Open-source prompt-injection detection and safe message delivery engine for AI agents.

sovguard.io ↗ ·
  • TypeScript
  • SQLite
  • Pattern matching
  • LLM eval
  • Docker

What it is

Sovguard is an open-source engine that sits in front of an LLM application and scans incoming messages for prompt-injection attempts before they reach the model. It maintains a continuously-updated pattern library, runs structural and semantic checks, and ships a pentest harness that lets you measure your own coverage against known attack categories.

Why it exists

Prompt injection is the SQL injection of the agent era. There are no built-in mitigations in any major LLM API — the model trusts whatever text reaches it, including text that came from a tool result, a scraped webpage, or a user input.
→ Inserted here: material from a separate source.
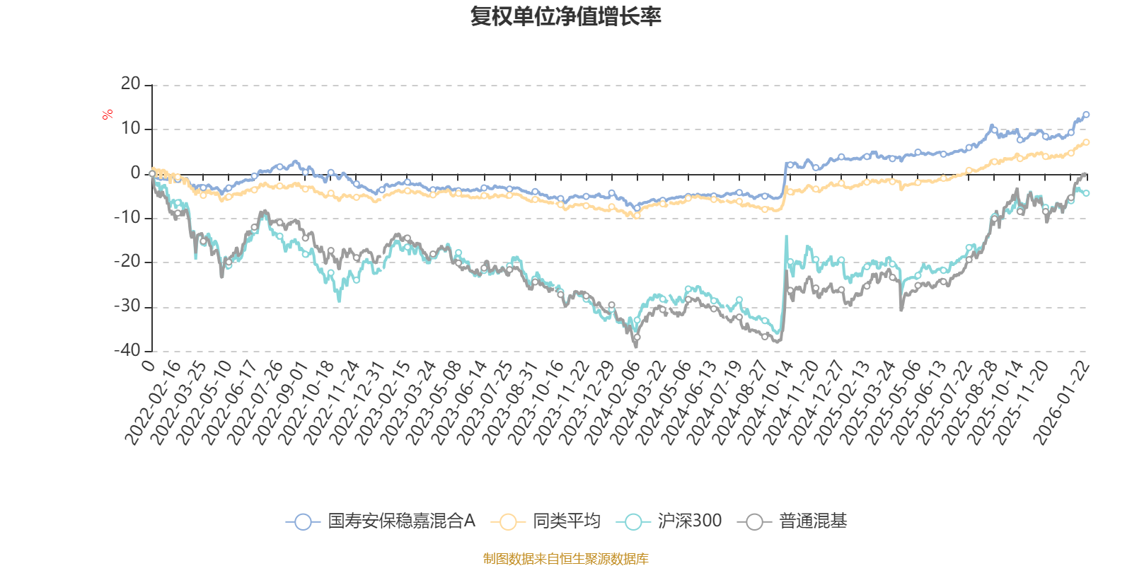 截至1月22日,国寿安保稳嘉混合A近三个月复权单位净值增长率为4.98%,位于同类可比基金76/629;近半年复权单位净值增长率为7.01%,位于同类可比基金152/629;近一年复权单位净值增长率为9.55%,位于同类可比基金229/626;近三年复权单位净值增长率为16.38%,位于同类可比基金149/564。

Most teams “handle” this by hoping nobody tries. Sovguard is the layer that does the actual checking.

What I built

The full engine: a TypeScript scanner with pluggable detection modules, a pattern-scout script that crawls public injection corpora and keeps the rule set fresh, a server mode for running it as a sidecar, a pentest runner with ~200 attack scenarios, and a monitoring dashboard. The whole thing runs in Docker, ships as an npm package, and is permissively licensed.

Outcome

Open-sourced at sovguard.io with an MIT license. The pentest harness has caught real regressions in my own work; I use it as a reference implementation when building anything with AI in the path of user input.